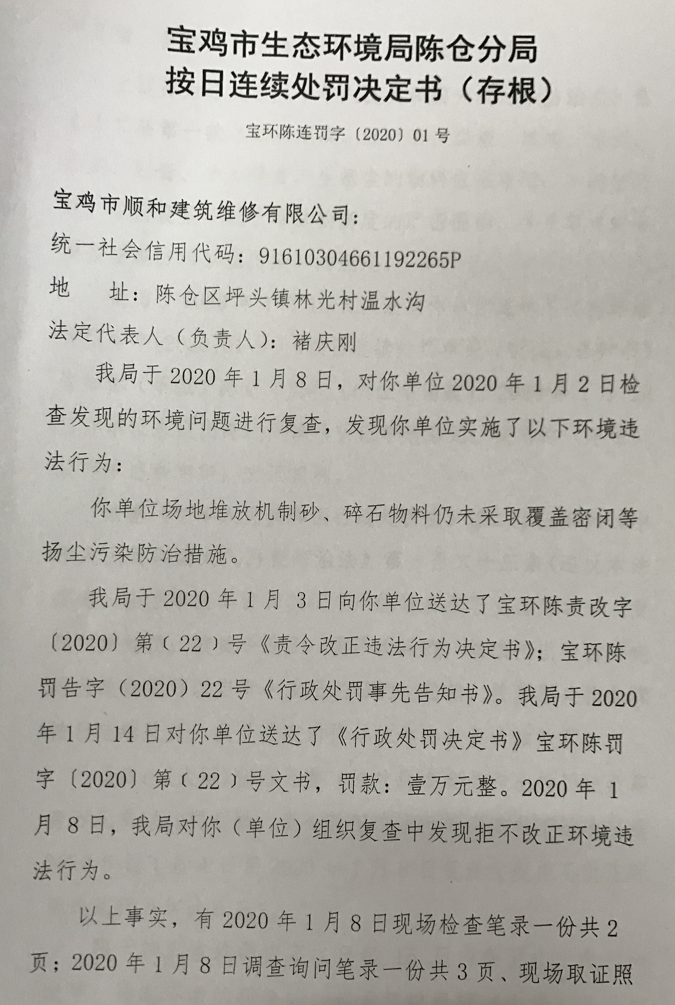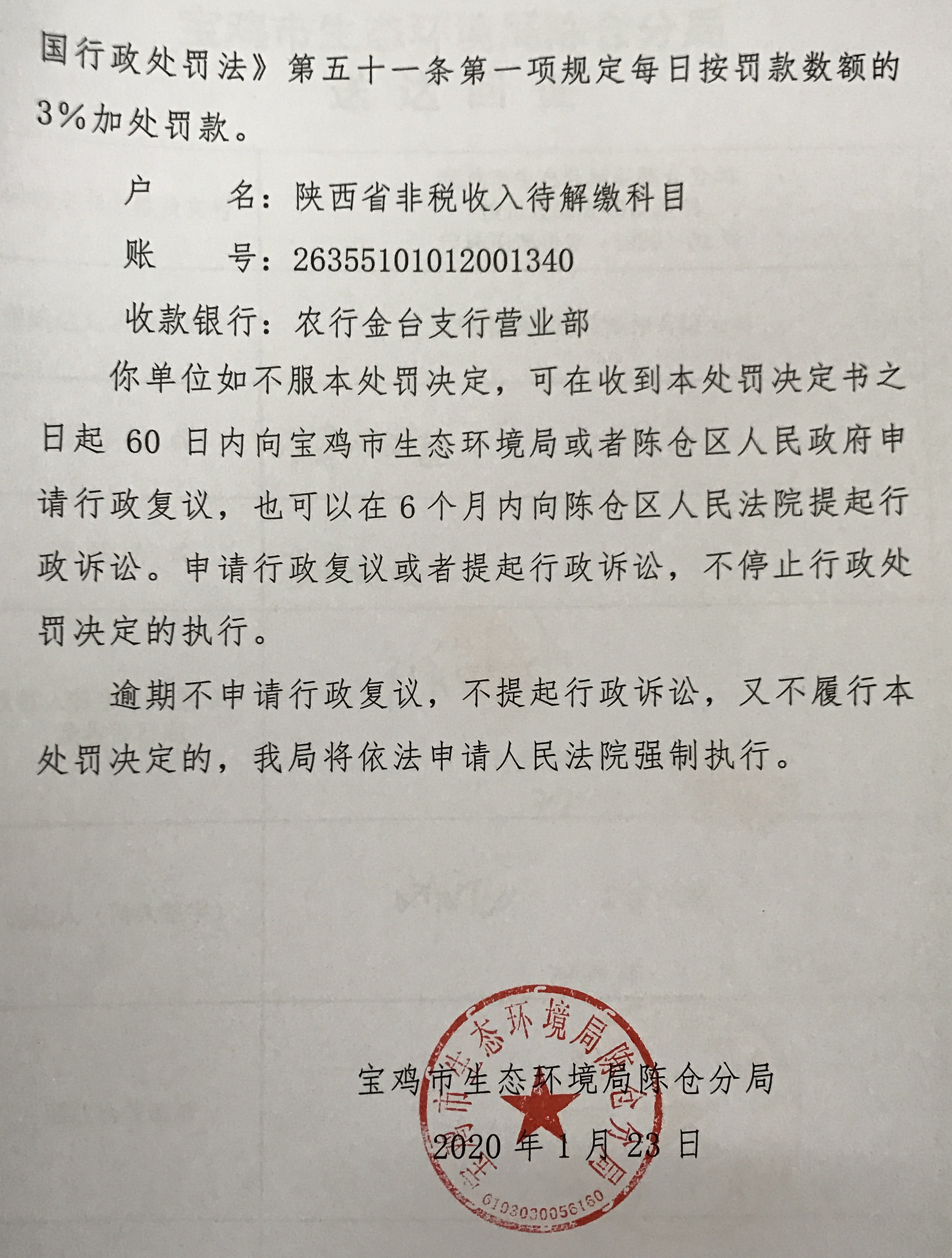 网赌平台陈仓分局处罚决定书(存根)(宝环陈罚字〔2020〕01号)
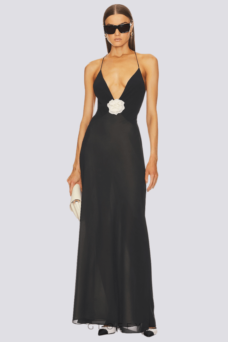 Ava Spagetti Askılı Derin Yırtmaçlı Maxi Elbise
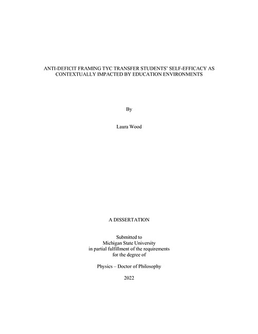 Anti-deficit framing TYC transfer students' self-efficacy as contextually impacted by education environments
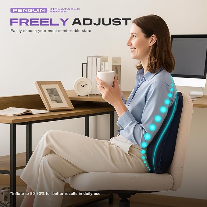 - Press-to-Inflate Design – No Pump Needed. Easily inflate this lumbar support pillow by simply pressing with your hand—no air pump required. Perfect for quick use during airplane travel, long car rides, or when sitting at your office desk.
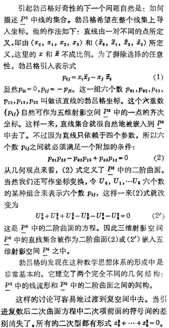 回到彭罗斯的几何思想上来,不能不感到惊讶的是:为什么在研究一个纯粹实的对象(时空)时,会出现复的对象?然而这在19世纪后半期的几何学家看来是根本不足为奇的。彭罗斯理论的构造与一些有百余年历史的数学思想有联系,不过最近数十年来人们忽视了这些思想,现在它们不那么流行了。这里指的是勃吕格(J. Plücker,1801 ~ 1868)的想法。勃吕格构造了这样的空间,它的元素(点!)是通常的三维空间的线。他花了多年的时间来发展这一概念。勃吕格死后,他的最后的一些结果由克莱因(Klein)和克莱布舍(Clebsch)编辑在于1868 ~ 1869年出版的学术论文集《将线作为元素的空间的新几何学》一书中。这一线空间维数是4,这也许是科学中最先出现的四维空间。奇怪的是,当四维流形出现在相对论中,并变得时髦的时候,却没有人把闵可夫靳基的四维对象与早在50年前就有的勃吕格的四维对象加以比较。50年后彭罗斯却正是这样做了,并且现在看来已经取得了很大的成功。我们将试图描述从勃吕格到闵可夫斯基,几何发展的历程。但是为此我们还必须先回顾一下一些更早的情况。

----

What to work on
Without the pictures, write out every entry precisely as it appears.

Exercise answer
 网赌平台陈仓分局处罚决定书(存根)(宝环陈罚字〔2020〕01号)
 Ava Spagetti Askılı Derin Yırtmaçlı Maxi Elbise
 Anti-deficit framing TYC transfer students' self-efficacy as contextually impacted by education environments
 - Press-to-Inflate Design – No Pump Needed. Easily inflate this lumbar support pillow by simply pressing with your hand—no air pump required. Perfect for quick use during airplane travel, long car rides, or when sitting at your office desk.
 回到彭罗斯的几何思想上来,不能不感到惊讶的是:为什么在研究一个纯粹实的对象(时空)时,会出现复的对象?然而这在19世纪后半期的几何学家看来是根本不足为奇的。彭罗斯理论的构造与一些有百余年历史的数学思想有联系,不过最近数十年来人们忽视了这些思想,现在它们不那么流行了。这里指的是勃吕格(J. Plücker,1801 ~ 1868)的想法。勃吕格构造了这样的空间,它的元素(点!)是通常的三维空间的线。他花了多年的时间来发展这一概念。勃吕格死后,他的最后的一些结果由克莱因(Klein)和克莱布舍(Clebsch)编辑在于1868 ~ 1869年出版的学术论文集《将线作为元素的空间的新几何学》一书中。这一线空间维数是4,这也许是科学中最先出现的四维空间。奇怪的是,当四维流形出现在相对论中,并变得时髦的时候,却没有人把闵可夫靳基的四维对象与早在50年前就有的勃吕格的四维对象加以比较。50年后彭罗斯却正是这样做了,并且现在看来已经取得了很大的成功。我们将试图描述从勃吕格到闵可夫斯基,几何发展的历程。但是为此我们还必须先回顾一下一些更早的情况。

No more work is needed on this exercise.